30 October 2014
The Dnipropetrovsk City Council voted on Oct. 29 to liquidate eight district councils and their executive bodies, reported on his Facebook page Borys Filatov, the deputy head of the state oblast administration. In their place, he proposed creating two or three prefectures and said he’d present a municipal reforms proposal.
Interior Minister Arsen Avakov said on his Facebook page on Oct. 29 that he has dismissed a total of 91 supervisors, both locally and in Kyiv, as part of the lustration process. Among those dismissed were eight generals, he reported, as well as directors of regional police stations, the Security Service Department and traffic police. He said he is continuing to develop a new personnel philosophy for the police department.
Zenon Zawada: This is the latest wave of dismissals announced by a minister since the president signed the lustration law in early October. As all the lustration declarations, this one appears encouraging but deserves deeper inquiry as to who is being dismissed in particular and on what conditions.

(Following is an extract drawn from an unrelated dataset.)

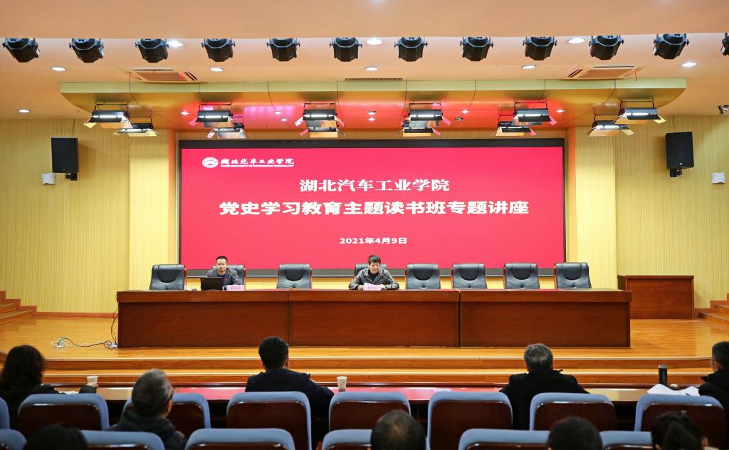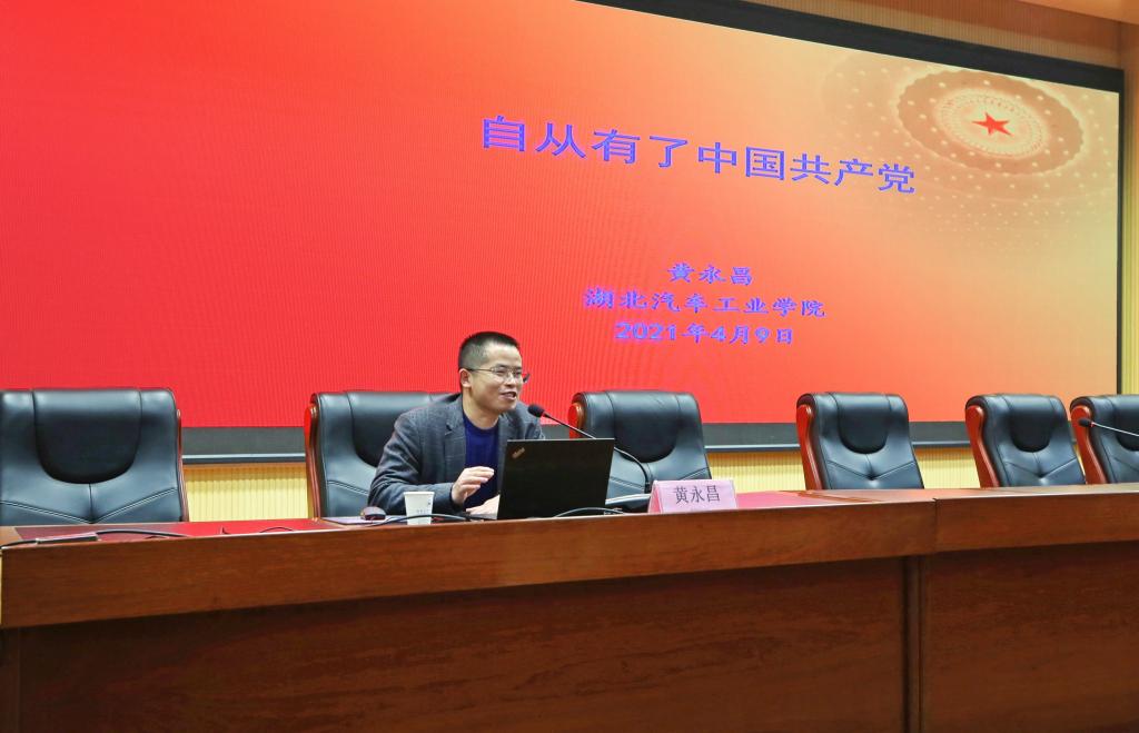 本网讯(文 杜鹏/图 广娟)4月9日上午,学校党史学习教育主题读书班专题辅导讲座第二讲暨明德论坛第三十九讲在逸夫报告厅开讲。十堰市委宣讲团成员、我校马克思主义学院副院长黄永昌副教授应邀作了“自从有了中国共产党”主题讲座。党委书记程红兵主持讲座,学校副处级及以上干部、党支部书记聆听了讲座。

The decision in Dnipropetrovsk, Ukraine’s fourth-largest city, is a more concrete reform that offers more of a foundation to be optimistic. Yet the state body that poses just as many bureaucratic hurdles, if not more, is the state oblast and district administration system, which Filatov himself represents. This system serves as the representative body of the Presidential Administration in Ukraine’s oblasts and districts, which we view as unnecessary and needing significant, immediate reduction.